— Я в одном вашем интервью прочитал странную историю: когда вы придумывали имя Тони Глиммердал, то взяли его из диссертации об именах детских персонажей в норвежской литературе…
Парр: Правда? Очень странная история, не помню такого.
— Да, будто бы там упоминалась героиня по имени Тоня, и вы решили тоже использовать это имя.
Парр: Хм, это было какое‑то о-очень большое непонимание. (Смеется.) Наверное, вот о чем речь: Тоня сначала должна была быть мальчиком — а потом я прочитала исследование о новой норвежской литературе, написанной после 2000 года. И там почти не было девочек, которые были бы активными героинями. Тогда я и сделала героиню девочкой — а сперва-то это был мальчик по имени Дурас.
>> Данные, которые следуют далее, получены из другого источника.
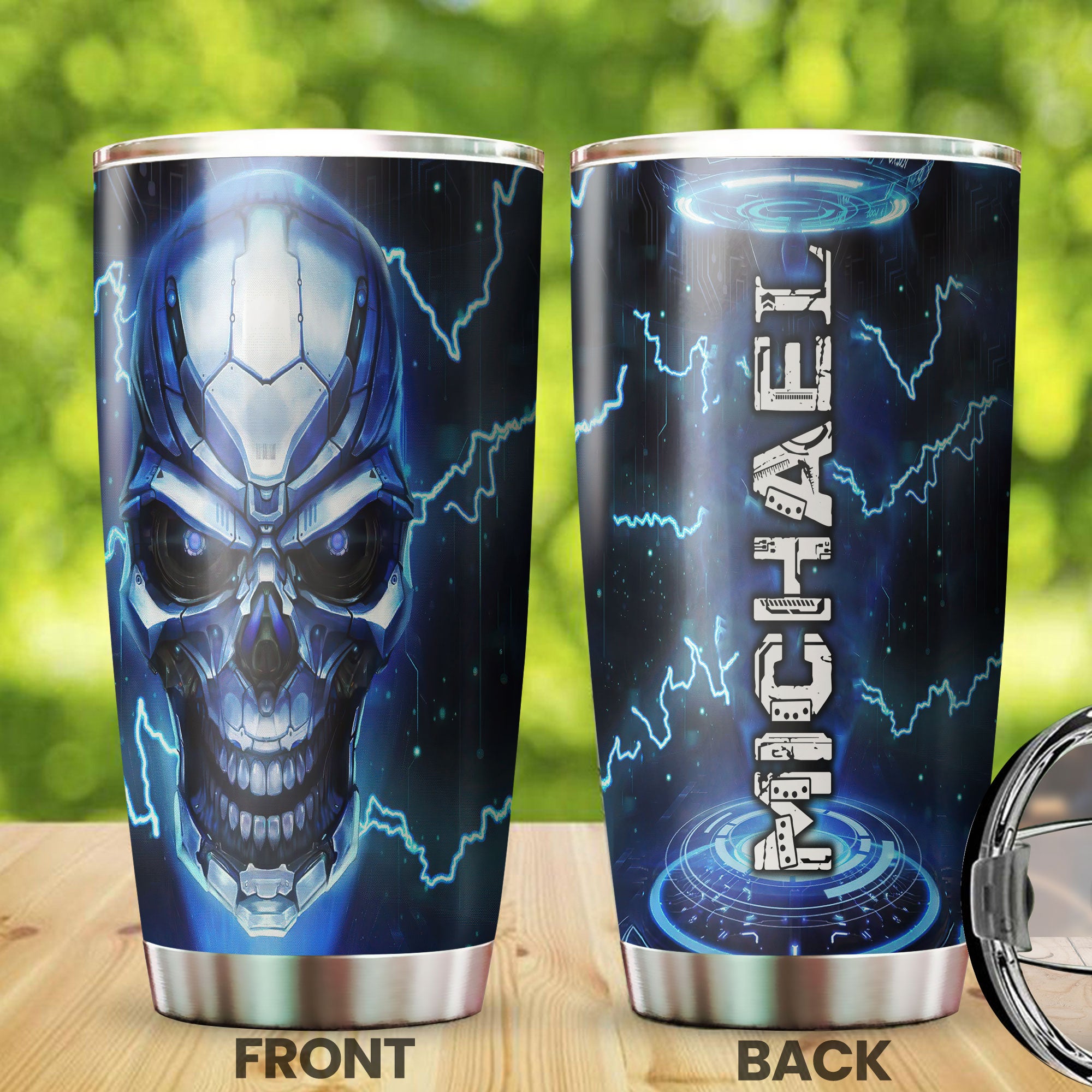 Personalized Cyborg Skull Skeleton Graphics Stainless Steel Tumbler - Double-Walled Insulation Travel Thermal Cup With Lid Gift For Skull Lover Trucker Biker Men

— А вообще это для вас обычная практика — проводить такого рода исследования перед тем, как писать книгу?
Парр: Я просто как раз работала над дипломом, и он был посвящен школьному образованию для детей в контексте литературы. Я просто по совпадению наткнулась на эту статью об отсутствии девочек-героинь в новой литературе. Сейчас это изменилось, но тогда была такая проблема.
— Вы, наверное, знаете, что в России есть система возрастной маркировки детских книг?
Парр: Да, знаю. А эта система была, когда я приезжала в прошлый раз?
Дробот: Нет, она появилась позже (Парр посещала Россию в декабре 2010 года; Федеральный закон «О защите детей от информации, причиняющей вред их здоровью и развитию» был принят в конце того же месяца. — Прим. ред.). Мы сейчас обсуждаем, стоит ли издавать на русском одну книжную серию для 13-летних читателей: в России она получит маркировку 18+, а тогда ее уже нельзя продавать в детских книжных магазинах, вот в чем проблема.
— Для нас по контрасту норвежская и вообще скандинавская детская литература кажется какой‑то утопически свободной: с детьми любого возраста можно говорить, о чем угодно. Это правда так? Или есть какая‑то граница, отделяющая подходящие для детей темы от недетских?
Парр: Нет, такой границы у нас нет. Очень важно ее не проводить. Но, приехав к вам, я поняла, что мы принимаем эту свободу как должное. А вообще да, у нас можно писать что угодно — хотя, понятно, не все будет опубликовано. Книга должна быть хорошей. Но такая цензура? Нет, ее нет.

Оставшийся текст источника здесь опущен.